Pregnant RN in acute psych setting...staying on the job?

Specialties Psychiatric

Published

Specializes in psych.

I'm about 10 weeks pregnant with my 1st. This hasn't been what I believe people call "an easy pregnancy". I am seriously considering quitting or something, because my current job( but it may just be working as an RN) and being pregnant don't seem to be compatible and I need a little perspective from other psych nurses that have been pregnant while on the job.

I started having morniong sickness since I found out at week 5 and each day is worse than the last. I have the undercurrent of nausea all the time, but I usually don't get enough notice to actually make it to the bathroom (or pull off the road for that matter) to throw up. I only been working Per diem according to my contract lately( 6 shifts/month, 2 have to be night and/or weekend), but between rounds or med chasing (cause it's more about chasing the patient down to give them meds then "passing" them to them) I am so exhausted at the end of the shift that it sets off my morning sickness. I haven't worked a shift in weeks in which I didn't promptly throw up afterward (I can't even make the 2 mintue drive home before up-chucking) and it usually leaves me doubly sick the day after. Even if I don't do anything, but sit in my bathrobe I still end up being sick at least once, usually twice.

It might not be so bad if my hospital were what usually comes to mind when you think of a hospital- clean and brightly lit with clean easy-to-access bathrooms all of which are thoroughly cleaned on a daily basis. My hospital looks like it was pulled out of the 3rd world. It's so DIRTY, smelly and gross and I am honestly shocked we haven't been fined over it. The carpets are stained black and haven't been replaced in 30+ years (plus who has carpet in an inpatient acute psych setting?) There is one common bathroom in public areas for each unit and it's always under lock and key (lest a patient get into trouble or something worse in their). The patient bathrooms are beyond gross! They only get cleaned when a patient makes a big deal about it or does something outragously gross in there. There are splatters of bodily fluid in common areas that I have looked at for months (actually it was almost a year when the hall was finally repainted). Also the patients tend to smell terrible and so far are a quick trigger for the mroning sickness. And don't even get me started on the dust with our acient ventilation system and the pregnancy rhinitis with post nasal drip that triggers my gag reflex.

There's no real expectation on acuity anymore.

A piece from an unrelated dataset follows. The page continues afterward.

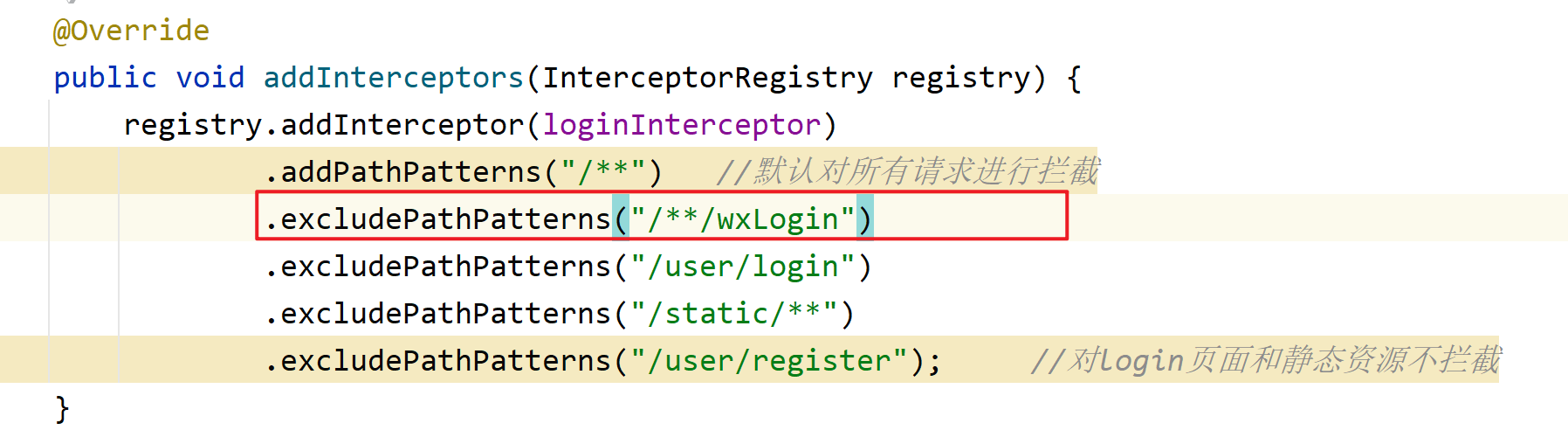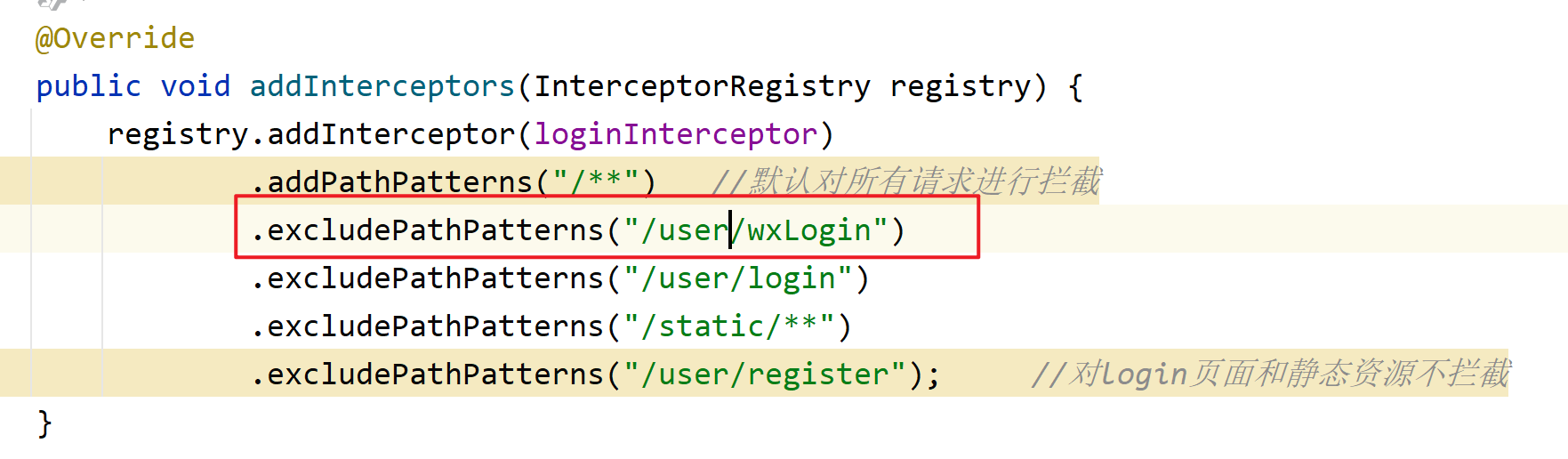 刚开始这样配置,/user/login生效,/user/wxLogin不生效
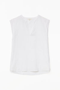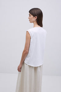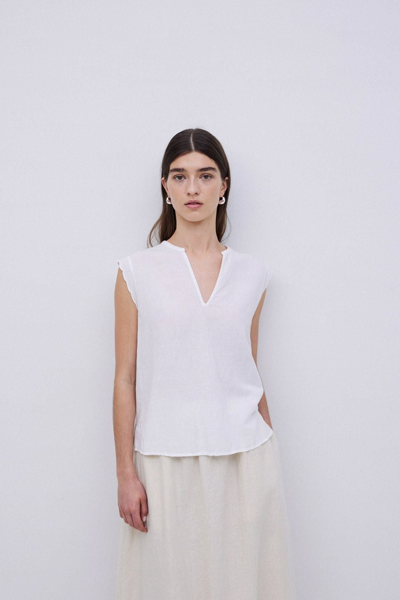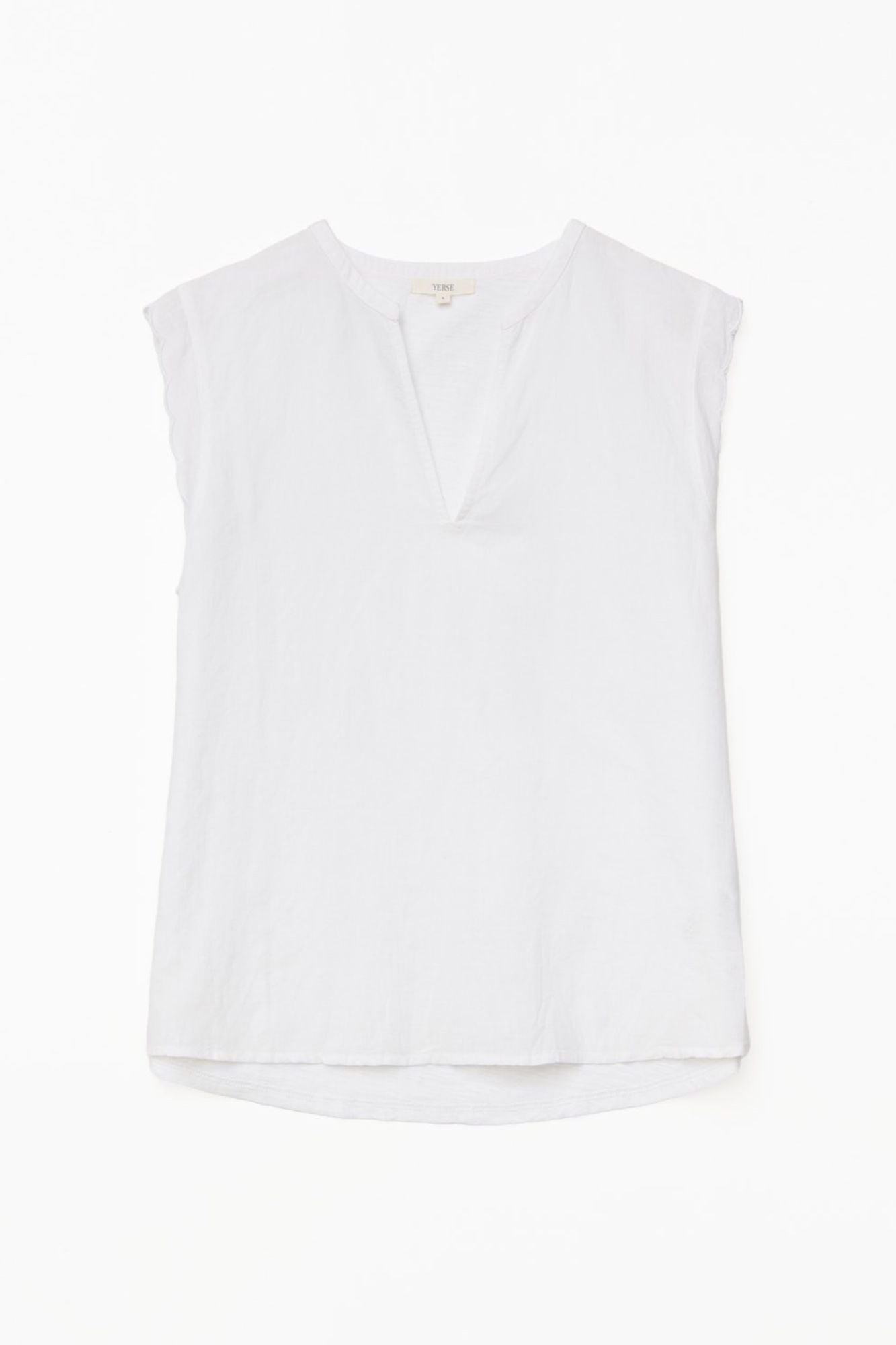 This sleeveless blouse combines a cotton-linen blend front with a soft slub cotton back for breathable comfort and subtle texture contrast. Its straight cut and Mao neck offer a modern, flattering silhouette, while wave trim details and hem slits add elegant movement. Finished with an embroidered YERSE logo, this blouse effortlessly blends style and comfort for your wardrobe.

Because we are not a medical hospital, we have limits (theoretically) to the type of medical acuity we are allowed to process. We didn't use to accept pregnant patients, catheters of any kind (IV, indwelling, etc), medically unstable, level 2 and 3 sex offenders, misdemeanor or worse criminals, or the non-ambulatory. All of which we have had in the past 9 months. The staffing and acuity have gotten so bad that, prior to becoming pregnant, I had reached the mindset that any given night I might walk in and have to say, "nope, just not doing it...I quit".

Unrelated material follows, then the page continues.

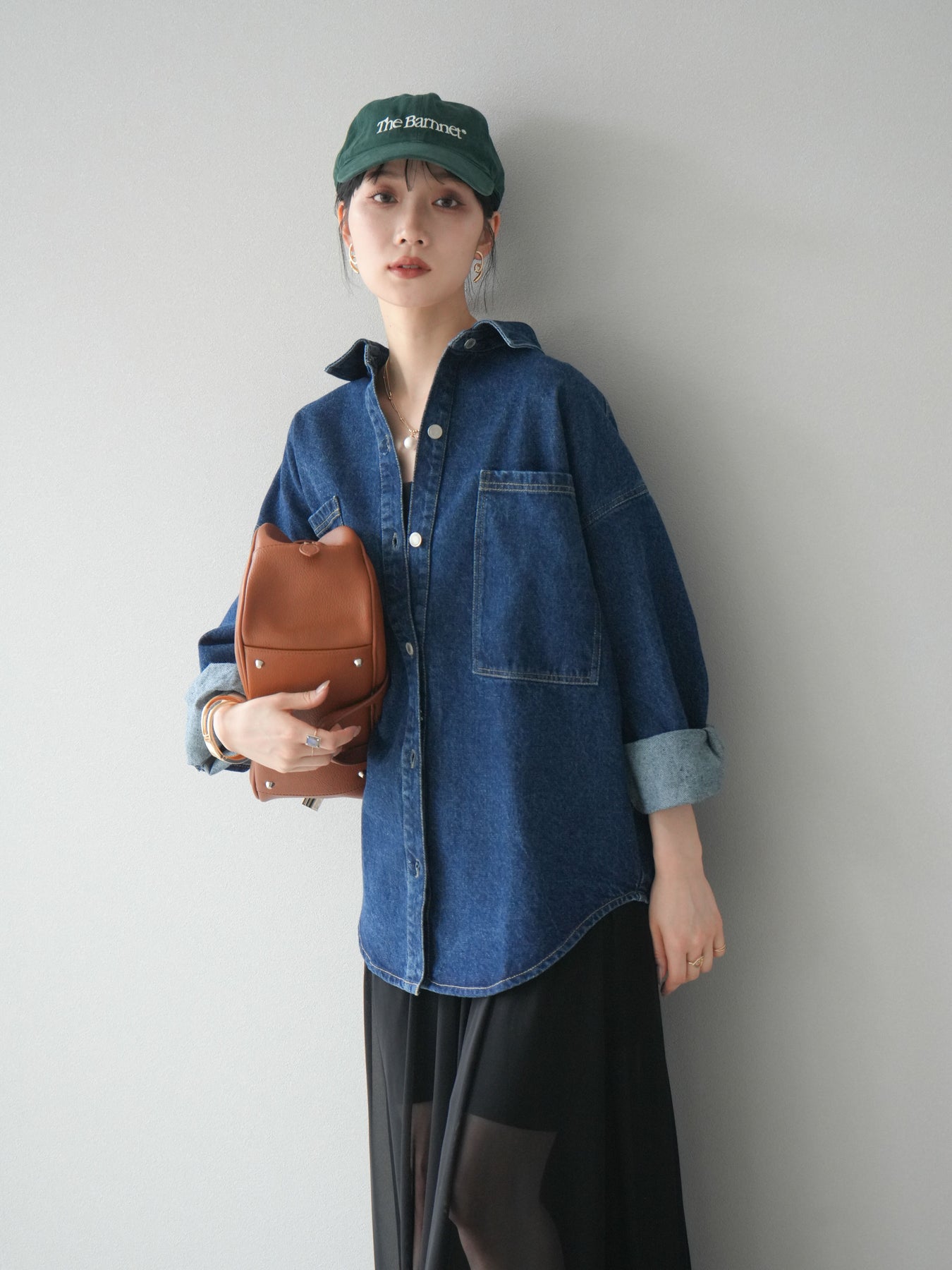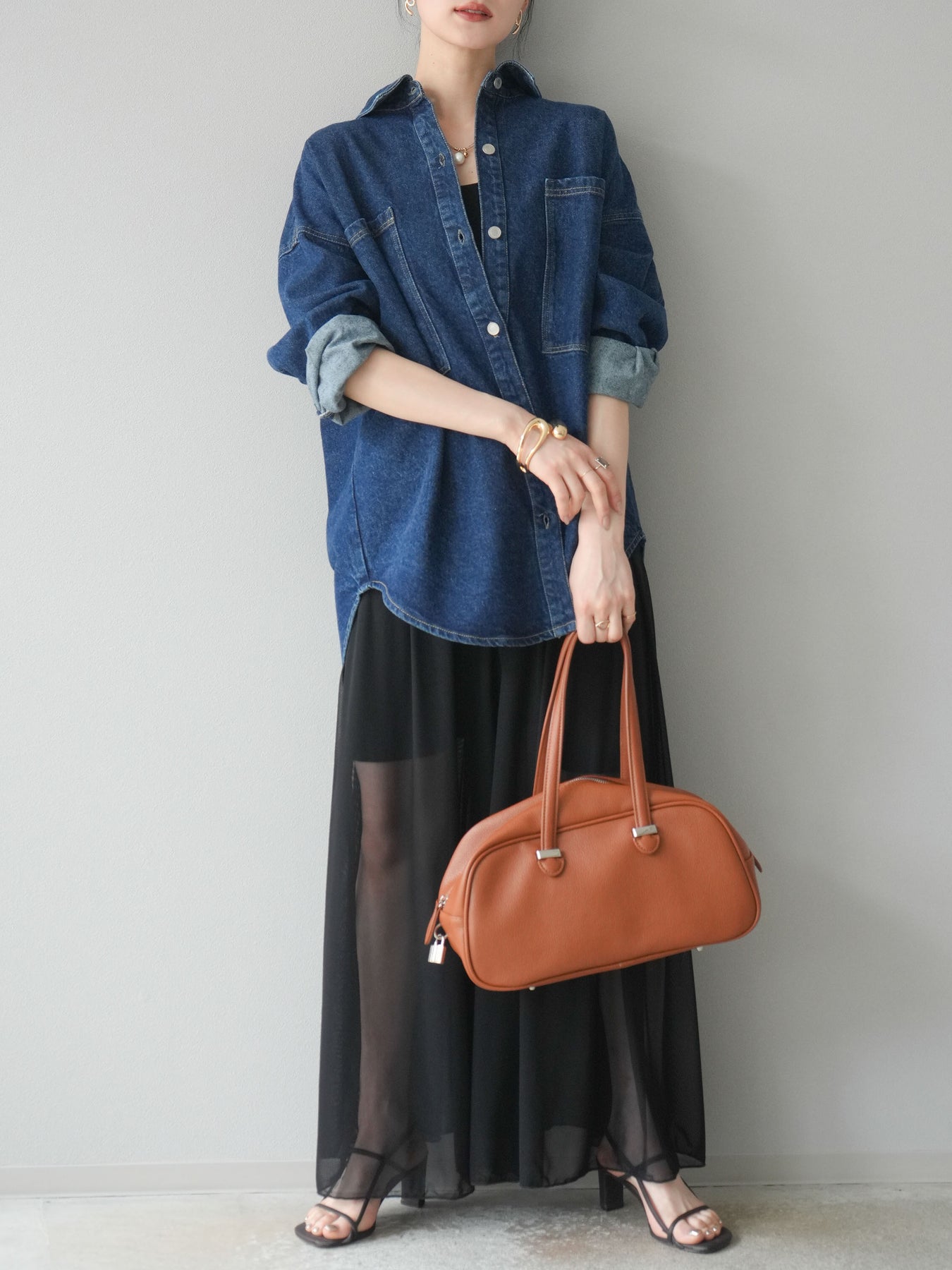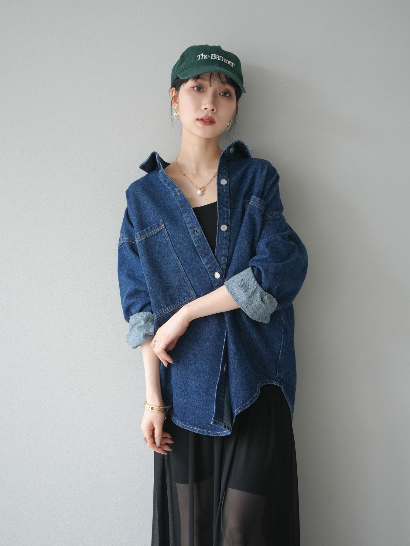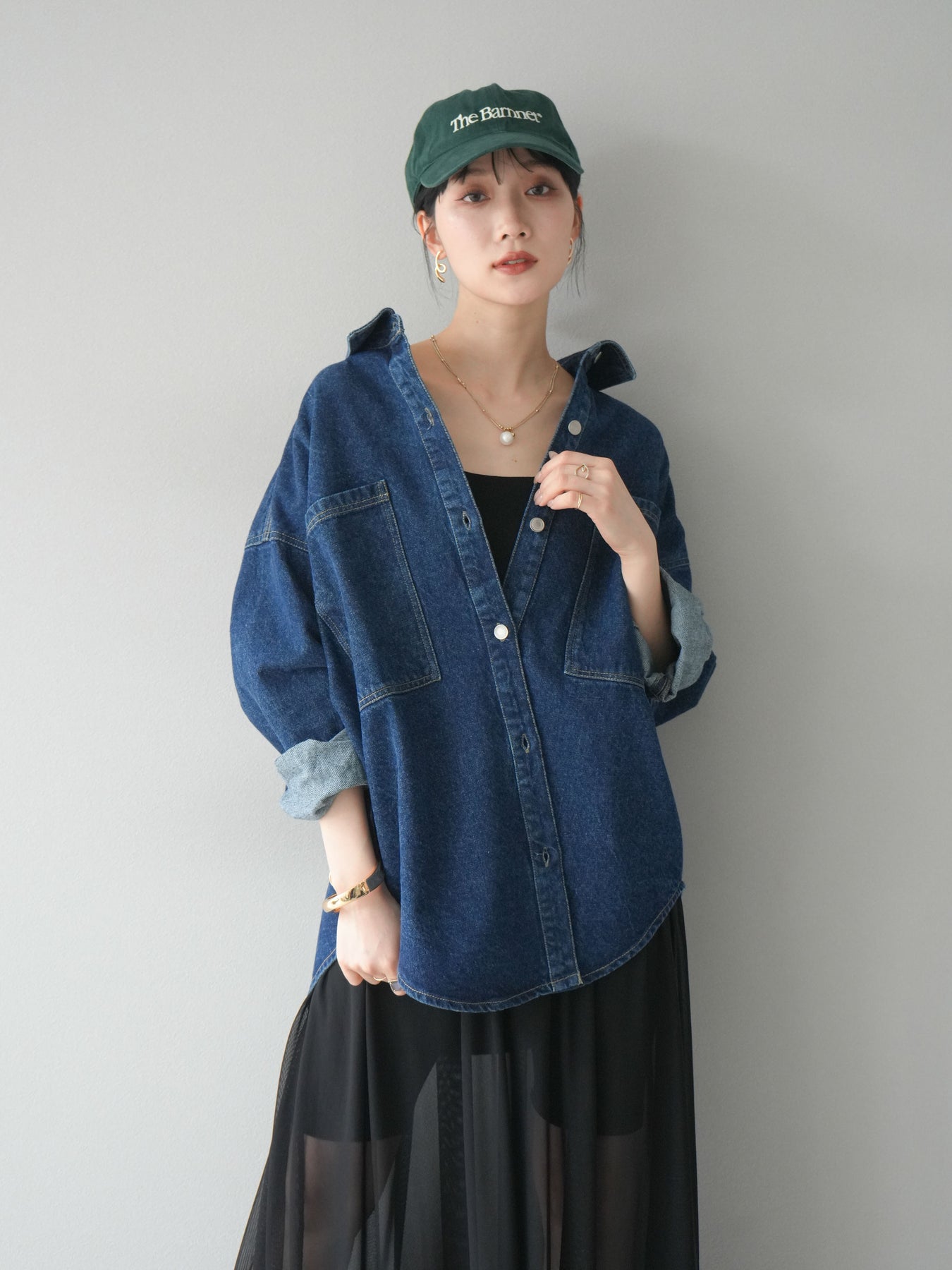 トレンドライクなゆったりシルエットが魅力のデニムシャツジャケット。程よい厚みで、シャツとしてもライトアウターとしても着回せる万能アイテムです。カジュアルな中にも洗練された雰囲気を演出できる一枚で、季節の変わり目に大活躍。大きめポケットがアクセントになり、羽織るだけでこなれたスタイルが完成します。 ※ボトムス、キャミソール(インナー)以外の商品は一律でインナーは付属していません

Now impending motherhood doing what it does, I don't want to quit if I'm just being a wuss. I've got a baby to help provide for (my husband works and does well enough so that I am able to work per diem), so I'm just having a hard time telling if I'm being spoiled or if my facility is just too intense for me right now. I realize that I'm in my 1st trimester and this could all end in few weeks, but I'm feeling pretty lame because I'm the most recent of about 10-15 women to be pregnant at my hospital this year. All but the last 3 had easy pregnancies- one got into car accident causing preterm labor then strep, another (a nurse manager) had kidney stones while on the floor and preterm labor, another (also a nurse manager) got put on bed rest for undisclosed complications.